• _Problem statement_:
If pictures appear, leave them out, and return exactly the lines from the one holding "Kid boy’s long-sleeved" through the last line of the listing below.

• _Recorded data_:
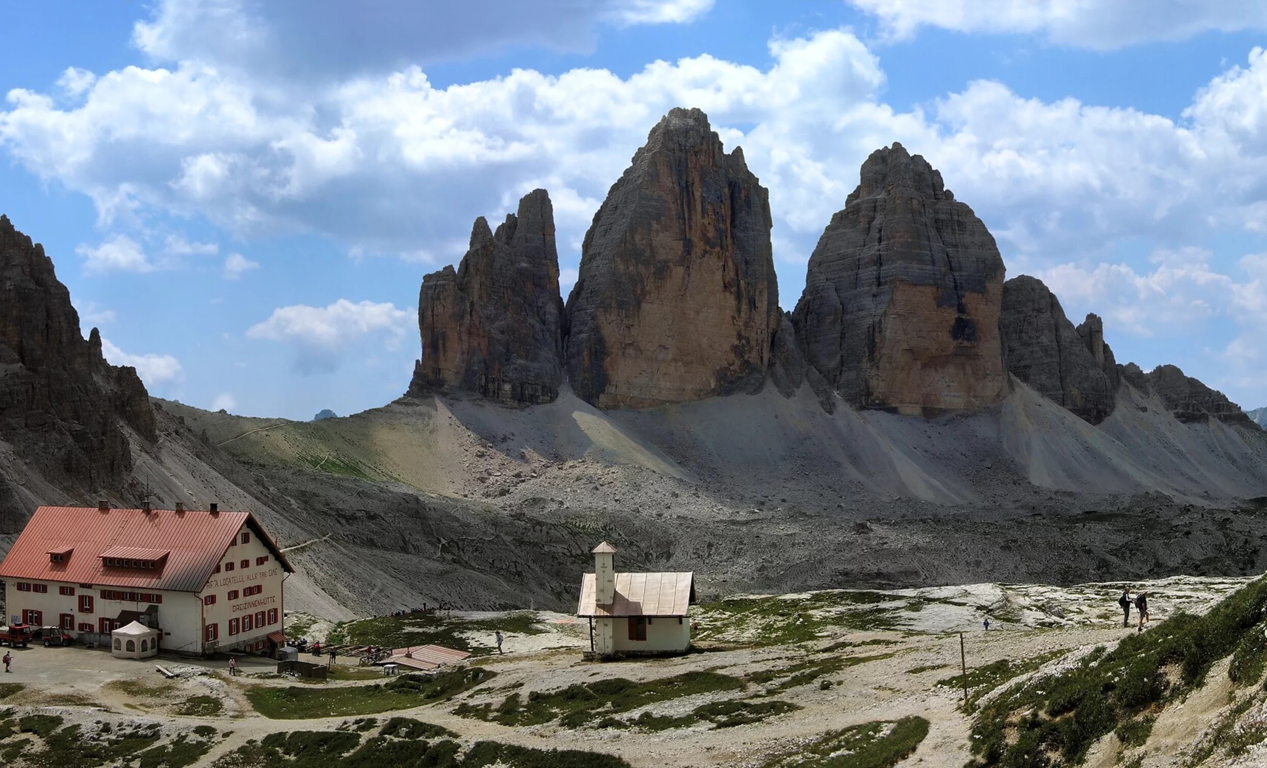 ▲三峰山北面近拍,自左而右,分別是小峰、大峰及西峰,照片左下方是三峰山山屋(Refugio Lavaredo),也稱洛可特立山屋(Locatelli Hut),其右手邊是座小教堂。(摘自Wikipedia)
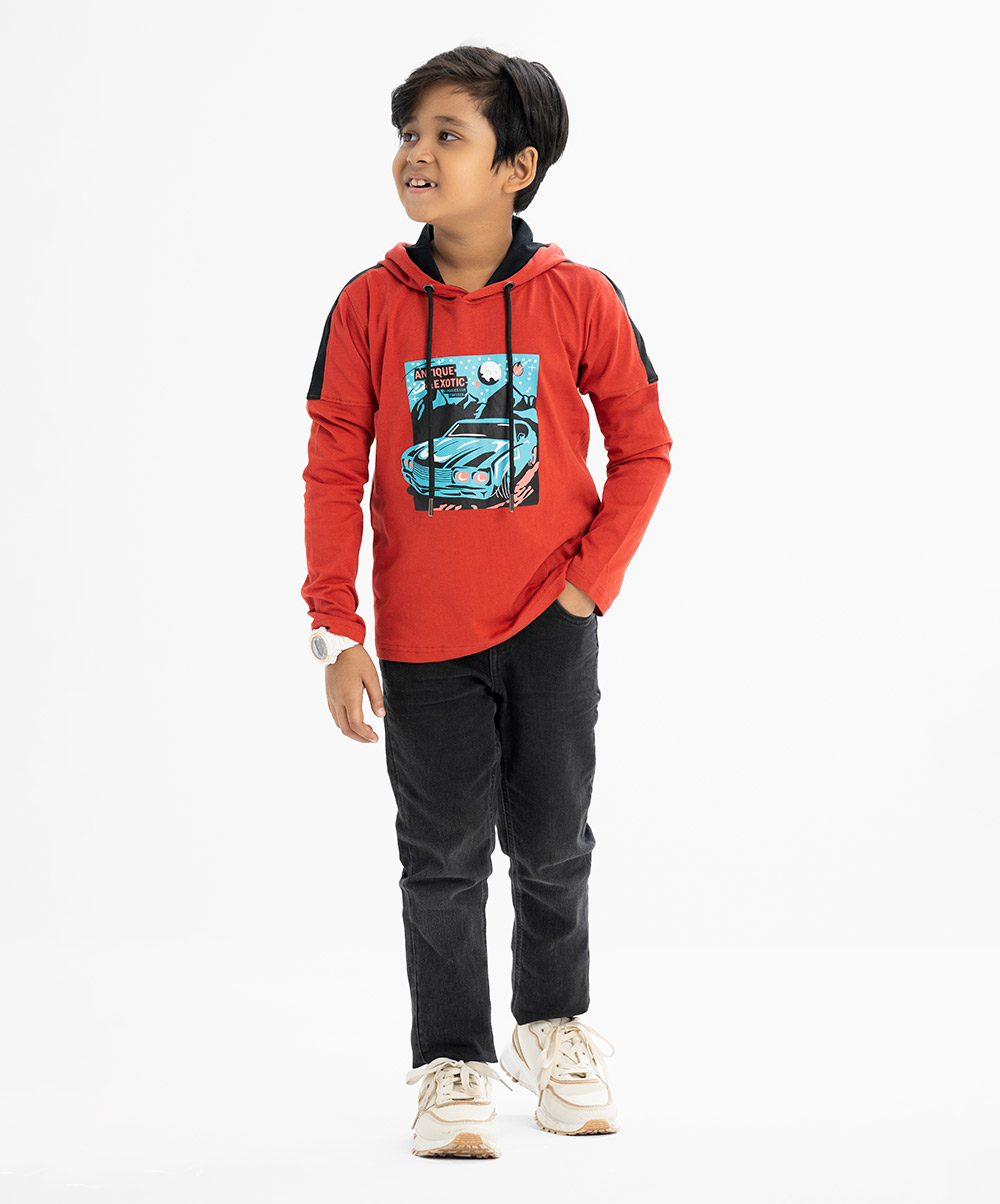 Kid boy’s long-sleeved hoddie T-shirt in cotton single jersey fabric. Car print at the front and matching twill tape on the shoulders.
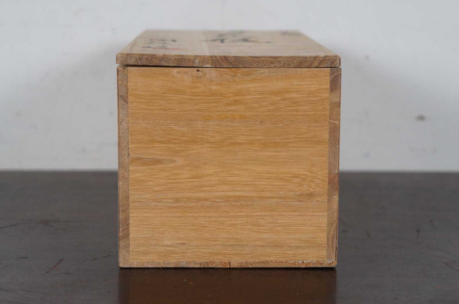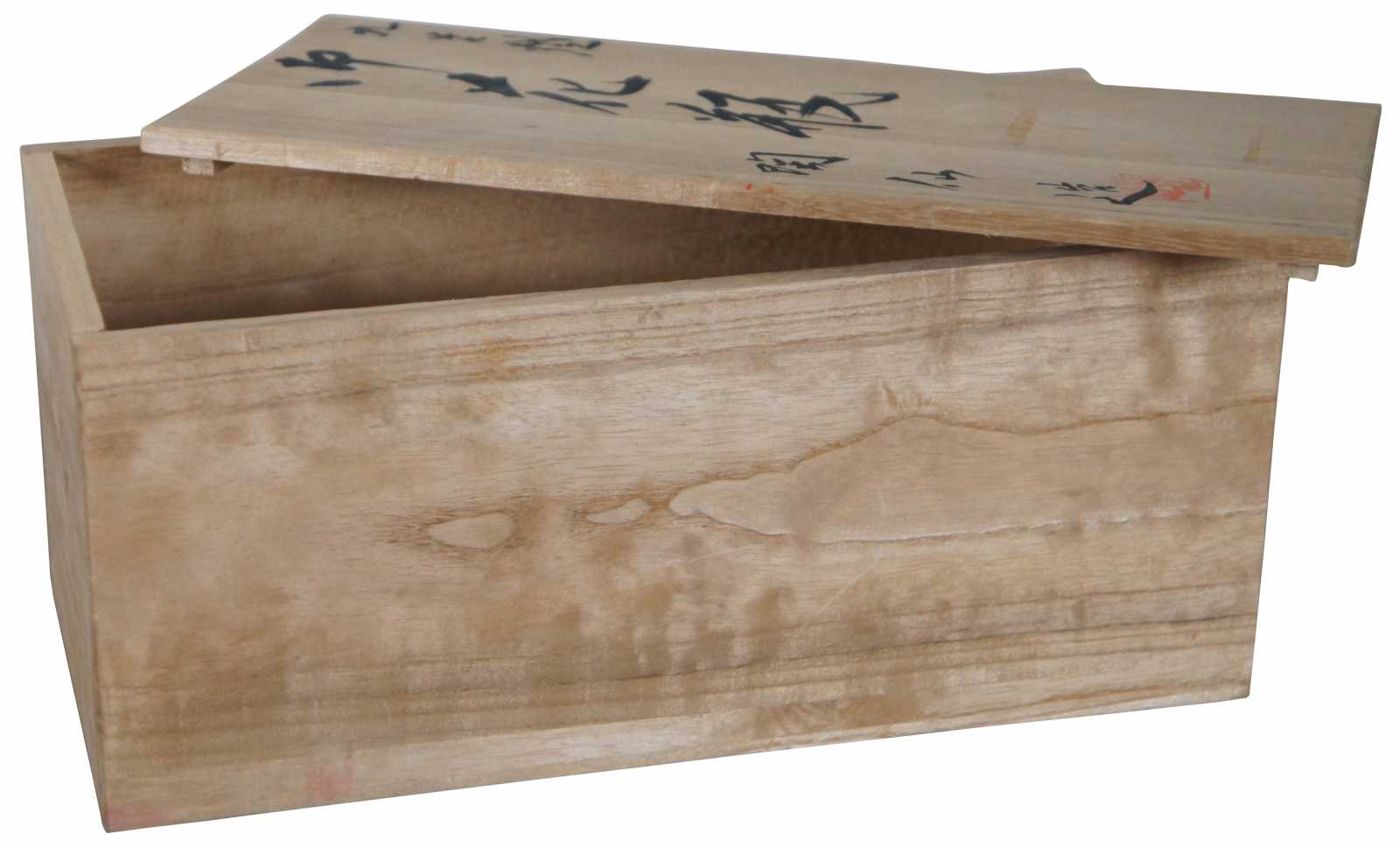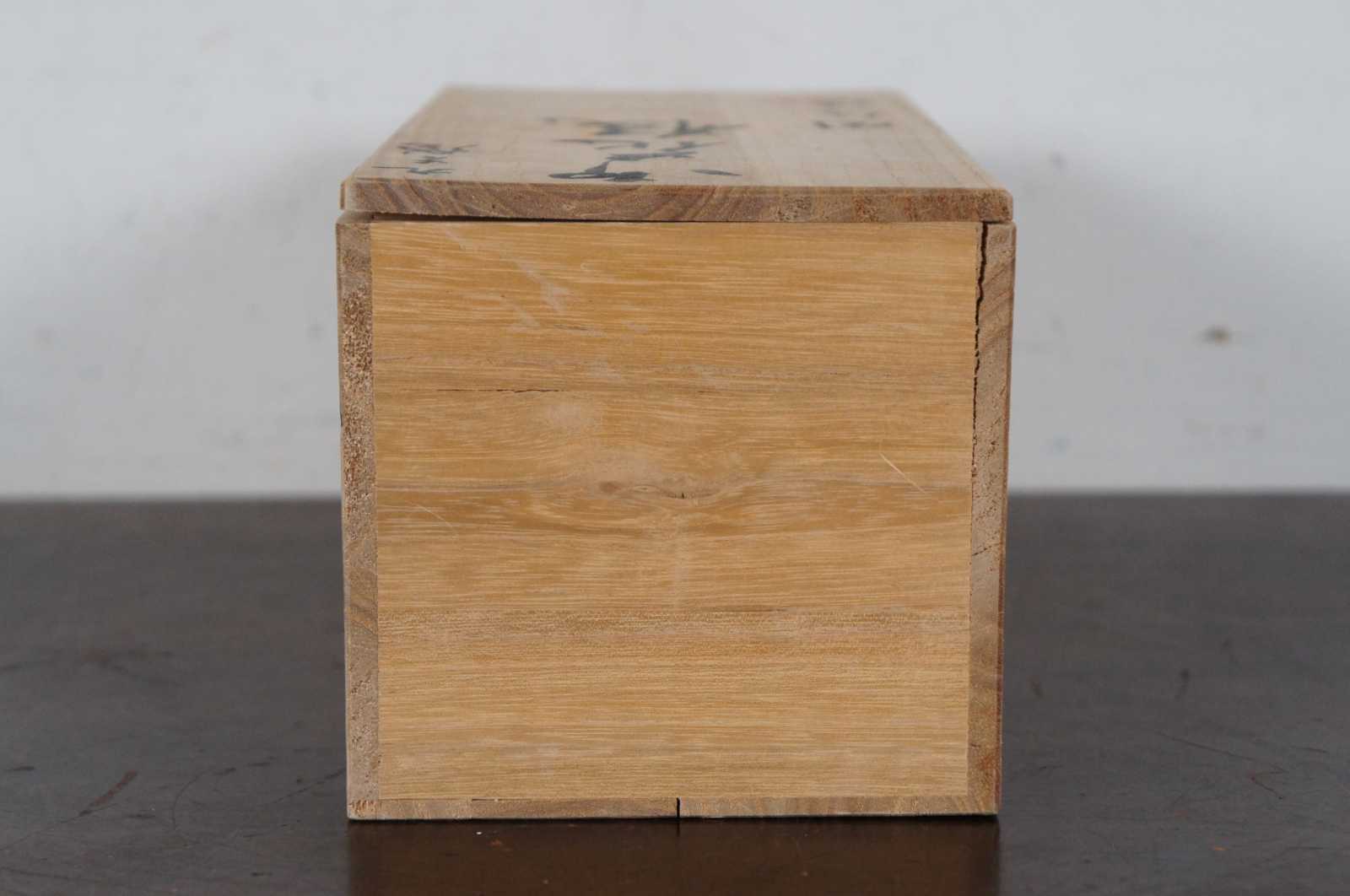 Vintage Japanese wooden keepsake box with calligraphy on the lid.

• _Written response_:
 Kid boy’s long-sleeved hoddie T-shirt in cotton single jersey fabric. Car print at the front and matching twill tape on the shoulders.
 Vintage Japanese wooden keepsake box with calligraphy on the lid.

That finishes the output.